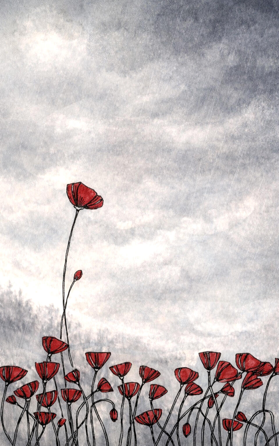 I have a collection of notebooks dating back decades in which I write and draw stuff. In one of these, I found a drawing of some poppies which I had done for no appreciable reason other than they looked collectively both sad and knowing. Last Remembrance Day, I vowed to turn the image into something a bit more formal and this is the result.
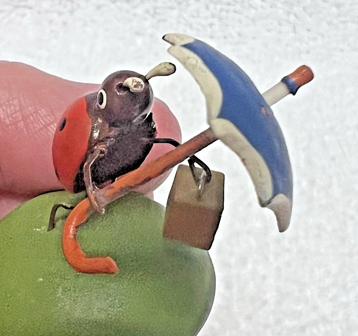 Erzgebirge Germany Vintage Ladybug with Umbrella and Suitcase in good shape the base is just shy of 1 1/4 across
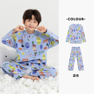 多多家男童家居服套装满印2025新款春秋儿童中大童卡通睡衣两件套

※

Give back the data exactly. Pictures stay out.

 I have a collection of notebooks dating back decades in which I write and draw stuff. In one of these, I found a drawing of some poppies which I had done for no appreciable reason other than they looked collectively both sad and knowing. Last Remembrance Day, I vowed to turn the image into something a bit more formal and this is the result.
 Erzgebirge Germany Vintage Ladybug with Umbrella and Suitcase in good shape the base is just shy of 1 1/4 across
 多多家男童家居服套装满印2025新款春秋儿童中大童卡通睡衣两件套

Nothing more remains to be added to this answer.